Elena ha un sorriso furbesco. — Sono solo storie e si sapeva; l’unica cosa di cui eravamo certi era la nostra fede in Dio; le
stregonerie sono credenze sciocche — afferma con disprezzo — nessuna strega può sostituirsi a Dio e decidere della vita di qualcuno se Lui non è d’accordo.
— C’erano anche dei valdesi che credevano nel malocchio e in cose di questo genere, allora — interviene la sorella, che vuole essere obiettiva malgrado tutto.
— Ma pochi pochi — borbotta Elena —
le leggende erano storie gentili con le quali
distrarsi.
Ci sono molte cose che colpiscono in queste due sorelle e possono far riflettere; innanzitutto la loro salute e la loro lucidità,
nonostante la vita non facile che hanno
avuto e l’età avanzata, poi la loro fede che
nonostante qualche idea un po’ reazionaria
sui cattolici e sulla politica è molto radicata, semplice e sincera e le ha chiaramente
sorrette in ogni occasione, insieme ad un
saldo buon senso. Continuerei volentieri a
discorrere con loro, ma desidero parlare
anche con qualche donna più giovane. È la
volta di Alma, che ha una cinquantina di
anni circa.
sete d’affetto
— Eravate in molti nella tua famiglia. Alma?
— No, la mia mamma ebbe due sole figlie; a dodici anni di distanza l’una dalTall’altra, pensa. Nella sua famiglia d’origine
erano in quattordici fratelli; lei non ha voluto ripetere l’esperimento. — Che avere
una famiglia numerosa sia un errore è una
convinzione che esprimeranno tutte le amiche intervistate.
— Com’era la tua mamma. Alma?
Si illumina. — Oh, era una santa donna,
sai. Era molto moderna per quei tempi, figurati che diceva già che anche un uomo
deve aiutare in casa.
— Eravate... amiche?
— Posso dire di sì.
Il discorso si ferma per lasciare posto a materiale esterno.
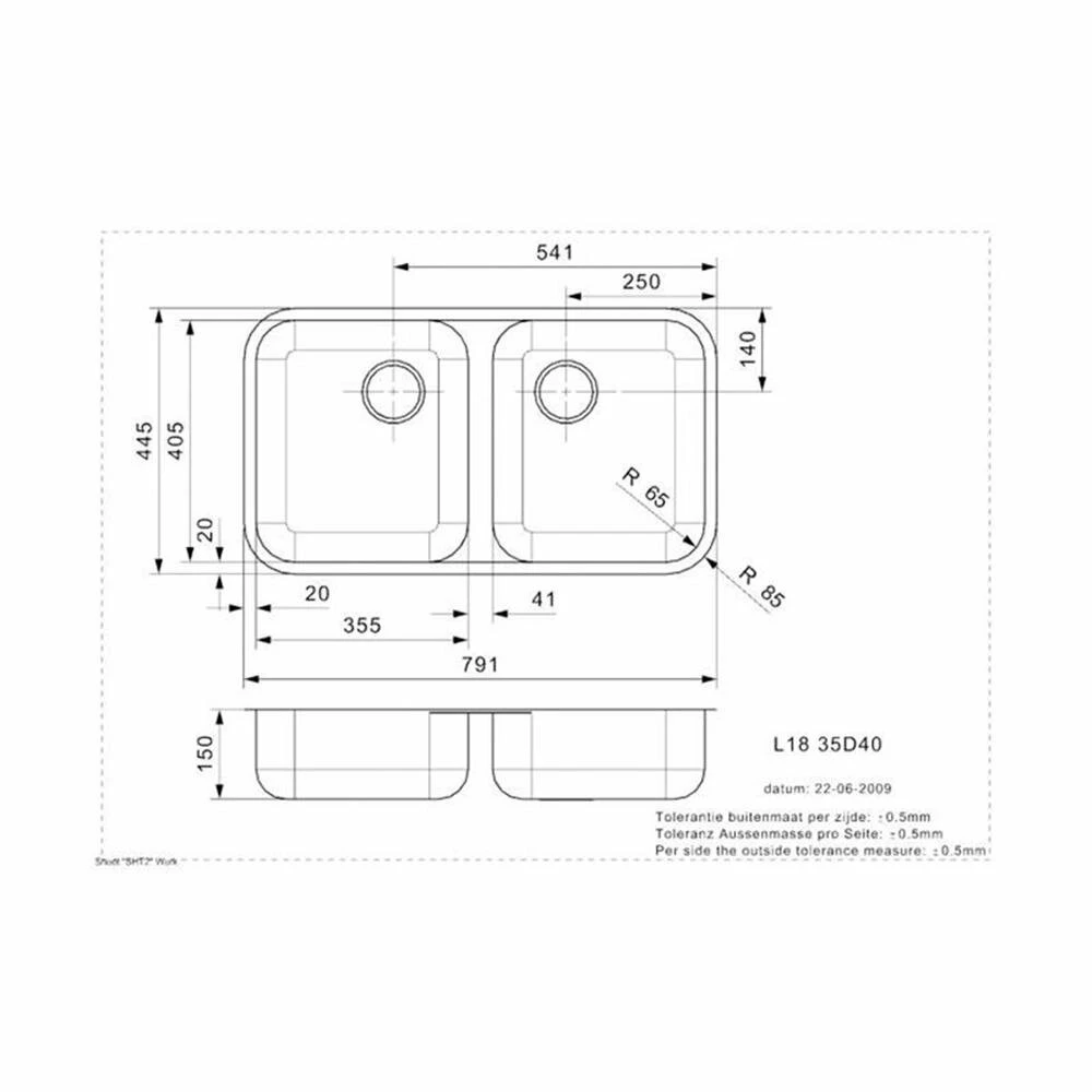 Reginox Clean & Care Unterbaubecken L18 35D40 KGKG-CC ( Edelstahl / 304 )

Sai, si è ammalata di
cancro quando io ero appena adolescente e
l’ho curata per molti anni, le sono stata
sempre vicina e abbiamo parlato di tante
cose.
— Te ne occupavi da sola?
Ha una punta di risentimento. — Sì,, mia
sorella era sposata e pur vivendo in casa
preferiva non occuparsi di malati; io ero
la più giovane, e toccava a me pensare alla
mamma e alle faccende domestiche.
— Quanti anni avevi?
— Quattordici, quindici; sarebbe piaciuto anche a me uscire qualche volta.
— Tuo padre aiutava in casa?
— No, anche se mamma lo sollecitava a
farlo; forse ci avrebbe aiutate, ma si vergognava pensando che gli altri uomini venissero a saperlo. Non dimostrava nemmeno di essere soddisfatto quando cucinavo
qualche piatto un po’ speciale; «se lo mangio è perché mi piace » rispondeva secco
quando chiedevo se era di suo gradimento,
e tutto finiva lì. Non era affettuoso con mia
madre, né con noi ragazze; eppure durante
la sua malattia mamma sarebbe stata contenta di averlo vicino più spesso. Non che
non ci volesse bene, sai; ma si vergognava
di darlo a vedere. Era fatto così.
— Mi dici che tua sorella e tuo cognato
vivevano con voi nei primi tempi del loro
matrimonio; era una convivenza felice?
— A comandare fu sempre mio padre;
era il capo di casa. Loro se ne sono andati
appena hanno potuto.
— Volevi bene a tuo cognato?
— Sì, soprattutto alle nipotino però; me
ne sono sempre occupata molto, dal momento in cui sono nate. — C’è una nota di
fierezza nella sua voce. — Adesso sono alte
ma mi sono sempre affezionate, come figlie.
— Ti sei sposata tardi?
— Sì,, da parecchi anni ero fidanzata con
il mio Anseimo ma in casa c’era sempre
bisogno di me e così rimandavo; una bella
sera mi ha detto « o ti decidi a sposarmi o
ti lascio ». Un mese dopo ci sposammo. —
Arrossisce, invasa da un pudore compiaciuto e tipicamente montanaro.
— Cosa mi dici di te come moglie, come
mamma?
— Sono molto, molto felice — (è un’affermazione un po’ forzata, mi sembra) —
Mio marito ha sempre avuto molte premure, sai? Mi aiuta in casa, cucina, mi fa tutto
quando sono malata. Non si dimentica mai
del mio compleanno, solo che... ho sentito
molto la mancanza di qualche gesto d’amore, di una carezza, di un bacio anche se c’era
qualcuno. Ormai non me ne importa più
niente, o quasi; ma da giovane ero affamata di affetto. Mia mamma era sempre malata, mio padre te Tho descritto e sono cresciuta con una specie di fame di espansioni,
non so se mi spiego. Ma mio marito si vergognava anche lui di certe cose; non di
aiutarmi in casa o con la bambina, ma di
darmi un bacio, specialmente se c’era gente.
È ridicolo, ma ne ho sofferto.
— E con tua figlia come va?
— È tutta la mia vita — lo dice con un
accento appassionato che mi spaventa —
non so cosa farei se mi mancasse (inorridisco); ho cercato di crescerla bene, adesso
ha vent’anni e posso dire di esserci riuscita. Ho sempre voluto che frequentasse buone compagnie, che studiasse, che andasse
al tempio.
— È importante per te il fatto che tua figlia sìa religiosa, che sia una buona valdese?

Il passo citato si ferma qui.